Description:  In this video the vibration of one tuning forks is transferred through sound to another tuning fork. The ping pong balls bounces in response to this vibration. This can be used as an anchoring phenomenon in a grade 1 class but also can be used as supporting phenomenon in grades 4 and up.

Web Resources:  Tuning Fork Resonance on YouTube - Flinn Scientific Tuning Fork Demonstrations

Description:  A trichroic prism splits light into three beams of light with different wavelengths (or colors). These prisms are used in some video cameras to send different colors of light to different color sensors. The prisms are coated with special coatings to filter and transmit different wavelengths of light. This device could be used to investigate interactions of light with various materials to in increasing complexity K-12.

Web Resources:  Dichroic prism - Wikipedia, Trichroic Prism - Amazon

Description:  This pool table on the cruise ship Radiance of the Seas uses gyroscopic leveling to keep the pool table level during rough seas. This design solution could be used to start a unit on waves. After learning more about the amplitude, wavelength and energy of waves students could attempt to build a similar solution of their own.

Web Resources: Gyroscope used for self-leveling cruise ship pool table - Geek.com,  Gyroscope - Wikipedia

Description:  The Rubens' tube was invented by German physicist Heinrich Rubens in 1905. It is a tube that is sealed at both ends in includes a flammable gas like propane. A speaker is attached to one end of the tube so sound waves can be transmitted thought the air/gas mixture. Small holes are drilled in the top of the tube and when the air/gas mixture emerges it creates a flame. As sound is played standing waves are created in the flames that change as the frequency of the waves is changed.
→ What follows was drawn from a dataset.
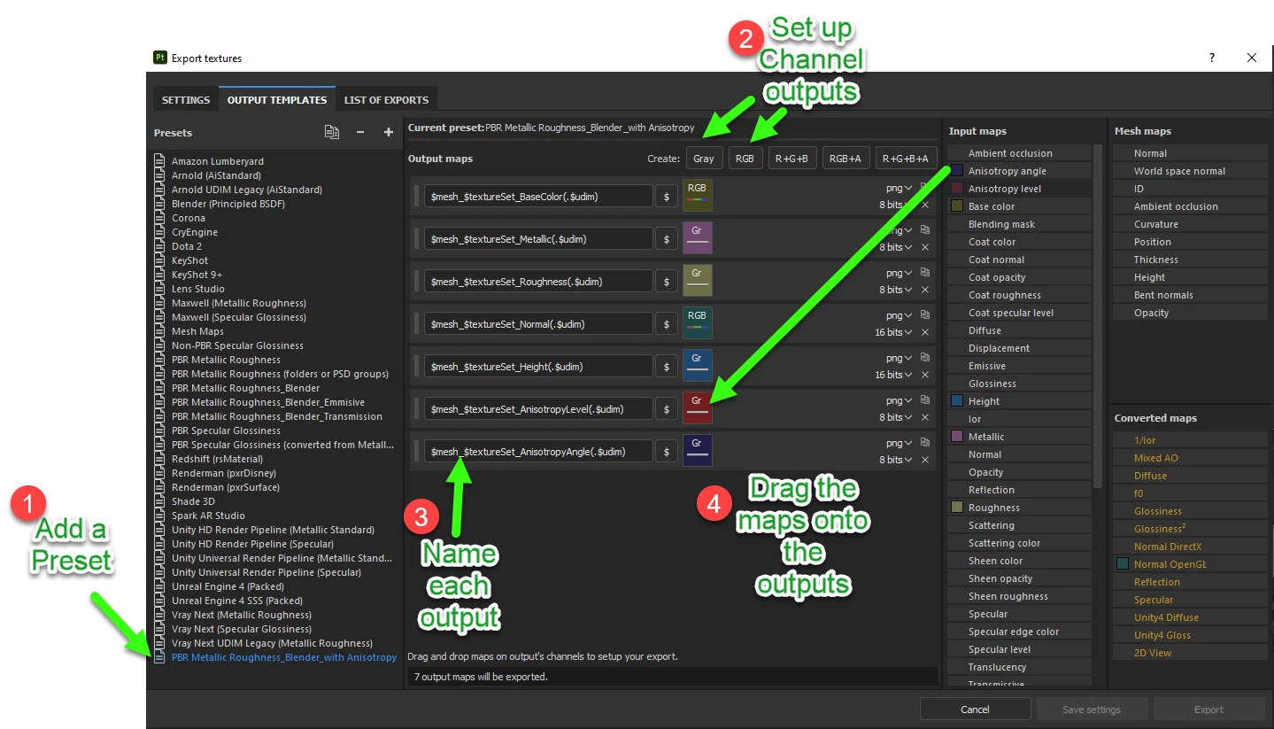 Set up a preset using the steps below, all outputs are greyscale except BaseColor and Normal:

Web Resource:  Rubens’ tube - Wikipedia

Description:  In this amazing demonstration researchers are able to extract audio from the video of an object (a plant, an empty bag, etc.) in the same room as the sound. The sound waves vibrate the object which is made visible through tiny movements processed with a graphic algorithm. This could be used as a phenomenon in a unit on sounds, waves, and information.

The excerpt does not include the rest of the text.